The centrepiece: your business profile
Even before your site, it's your Google Business Profile (formerly Google My Business) that decides your presence on the map. A complete, active profile makes a huge difference:
- Precise category, up-to-date hours, phone, website, service area.
- Recent, quality photos.
- Regular posts (offers, updates).
A neglected profile, and you vanish in favour of the competitor whose profile is alive and well.
Reviews: your best argument
Customer reviews carry weight, both in ranking and in people's decisions. A few simple principles:
- Ask for them: most satisfied customers leave a review if you ask at the right moment.
- Reply to them, the positive and the negative alike. A measured reply to a mixed review reassures future customers.
- Consistency matters more than a one-off spike.
What your site should tell Google
Your site reinforces the local signal. Three useful things:
- A clear contact page with address, phone and ideally a map.

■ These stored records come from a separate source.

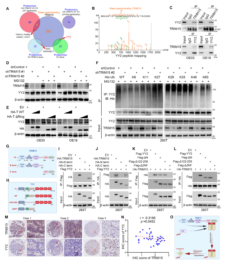 IP-MS与蛋白组差异结果交集鉴定7种蛋白,仅YY2为OE33细胞EV组独有(图3A-B)。EAC和293T细胞的IP及下拉实验证实TRIM15与YY2互作(图3C),敲低TRIM15升高YY2蛋白水平但不影响其mRNA,提示TRIM15调控YY2蛋白稳定性。MG132处理显著减弱TRIM15对YY2蛋白的影响(图3D),且TRIM15敲低降低293T细胞中YY2的总泛素化及K48连接泛素化(图3F)。截短突变体免疫共沉淀实验显示,TRIM15的C端区域与YY2的ZNF区域是二者互作的关键(图3G-L)。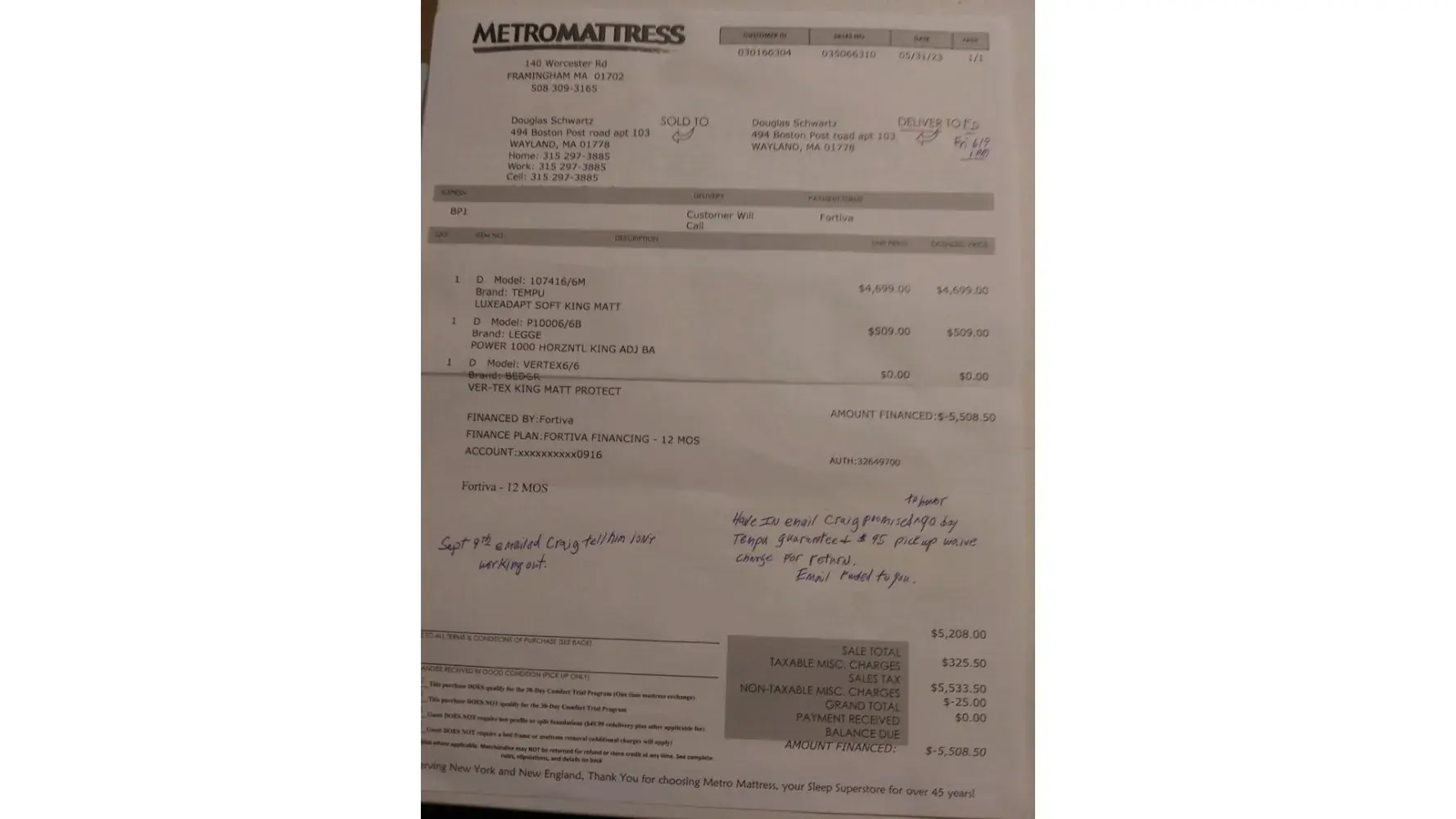 I purchased a *** bed on 11/14 for $2,673.92 at the Metro Mattress in Horseheads NY from sales person Justin. The bed was very uncomfortable to say the least and I went back to store to exchange for different bed after 8 days. They gave me hassle at first because I didn't purchase the comfort exchange for $99.99 and the bed protector for $149.99. We'll the sales person never mention either one to me at the time of purchase. So they did finally agree to exchange but i had to purchase the comfort exchange and the protector and I couldn't get price difference of the 2nd bed which was $1800. So i lost $700 for price difference and had to pay additional $269.98...Fast forward I get the 2nd bed but its just as worse as the 1st bed. I slept on it for 3 hours to wake up with a big depression in the center of the bed. I go back to store next morning because I want a refund at this point and the store manger Steve D acted like he could careless and claimed he will contact the regional director of sales Emma S which he did not. Instead he calls me stated that someone from customer service will call next week to come out to do a dip measurement! I'm at the point of getting a lawyer to do a class action lawsuit for all the people who had problems with Metro Mattress. They sale junk overpriced mattresses...WARNIG!DO NOT DO BUSINESS WITH THEM!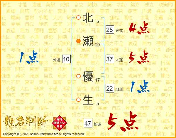 北瀬優生さんの天運は25画の4点!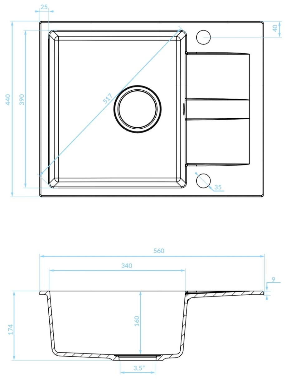 Chiuvetă de bucătărie Backer Nona Solo 56x44 Grey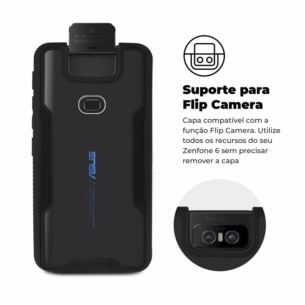 A Capa Dual Shock para Zenfone 6, da Gshield, foi projetada com uma dupla proteção. Além da proteção padrão de capas, a Dual Shock possui uma elevação na parte traseira que evita que a câmera entre em contato direto com os impactos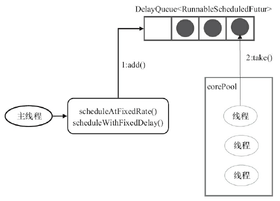 1)当调用Schedul edThreadPoolExecutor的schedul eAtFixedRate()方法或者schedule WithFixedDelay()方法时,会向ScheduledThreadPoolExecutor的DelayQueue添加一个实现了 RunnableScheduledFutur接口的ScheduledFuture Task。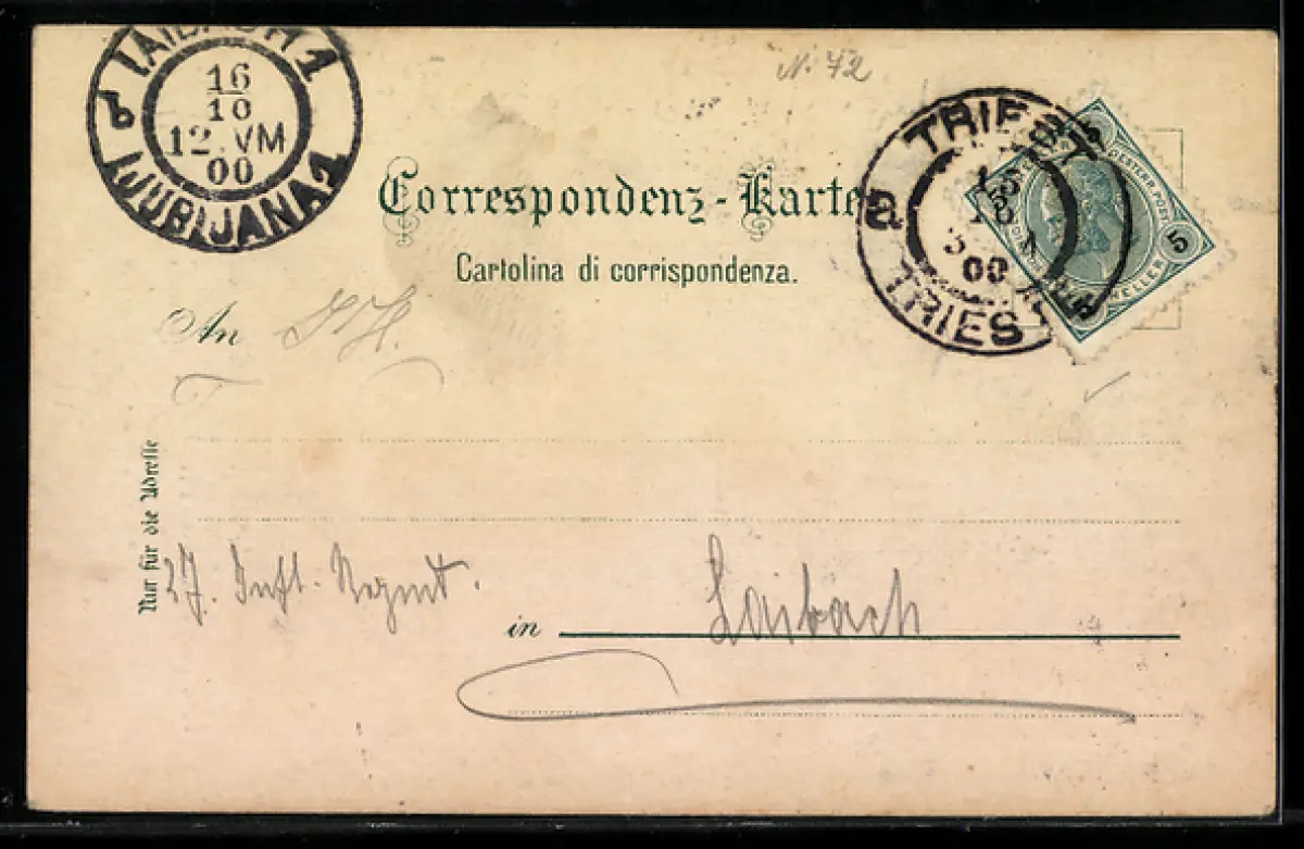 alte Ansichtskarte, gelaufen 1900, Ecken bestoßen, Abriebspuren oben, Stempelspur, guter Zustand

- Structured data of the "LocalBusiness" type that describes your business to Google (you can generate it with our JSON-LD generator).
- Locally anchored content: mention your towns, your neighbourhoods, your service areas, naturally.
What if you cover several towns?
A common mistake: a single catch-all page listing twenty towns. Better to have dedicated, useful pages per area you genuinely serve, with content specific to each, rather than near-identical pages that Google will treat as filler.
In short
Local SEO rests on a tripod: a lively business profile, well-maintained reviews, and a consistent site that confirms your local presence. Kept up well, these three levers put you where your customers are looking: right at the top, on the map.